Sliding Block Puzzles

by Serhiy Grabarchuk

Everyone who has ever tried to solve Loyd's "14-15" puzzle very soon felt some invisible force that prevents to solve the puzzle. And this force is so stubborn, so strong that one might continue attempts to eternity without success. The name of this force is the Parity. Many mathematicians and puzzlers know this "Invisible Thing" as a very dangerous, but at the same time very useful force which sometimes helps to solve very difficult problems (often with easy). Other times it suggests the most unusual and puzzling challenges, like Loyd's "14-15" puzzle that led the whole World to incredible puzzle madness.

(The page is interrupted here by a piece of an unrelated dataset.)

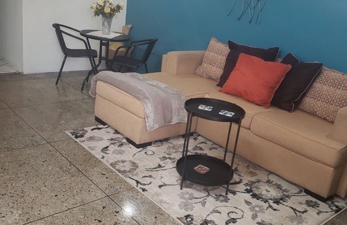 Stay comfortably in this wheelchair accessible, 3-bedroom private apartment in Arima. Cameras and lightings are placed strategically externally around the apartment. The bedrooms feature 1 full bed, 1 queen bed, and 1 twin bed, ensuring a fabulous night's sleep for all guests. One spacious full bathroom and one half- bath. Enjoy the soothing ambiance of the space, complete with amenities like WiFi, television withNetflix, iron and ironboard and multiple air conditioners. The full bathroom comes equipped with a hairdryer and a built-in seat in the shower/ tub for guests whom may require such accessibility. There are multiple cupboards in all areas for your convenience. The kitchen is equipped with a microwave oven. gas powered stove and refrigerator.
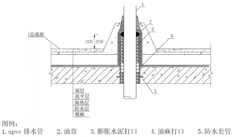 1、套管周围在屋面混凝土找平层施工时,用水泥砂浆筑成锥形阻水圈

A parity principle is often used as a main trick in sliding block puzzles, and is the solving key for them. For many such "tricky" puzzles solving them means finding the way how to change parity of their pieces from odd to even. So once the solver changes the parity of the pieces, the puzzle becomes solvable.

Many puzzle inventors employ tricky ideas how to change parity, and then mask these ideas from the solver in order to make these puzzles appear unsolvable. Most of such designs have a pair of identical interchangeable pieces. So when you change these pieces in the final position you, in fact, change the parity of the puzzle, and reach the solution. Other designs have pieces with special depictions, and when you rotate the whole puzzle 180°, some signs are changing into other and vice versa. This way you may interchange one pair (or any odd number of pairs) of pieces, and therefore "change" the parity without really changing it. Yeah! So illusive.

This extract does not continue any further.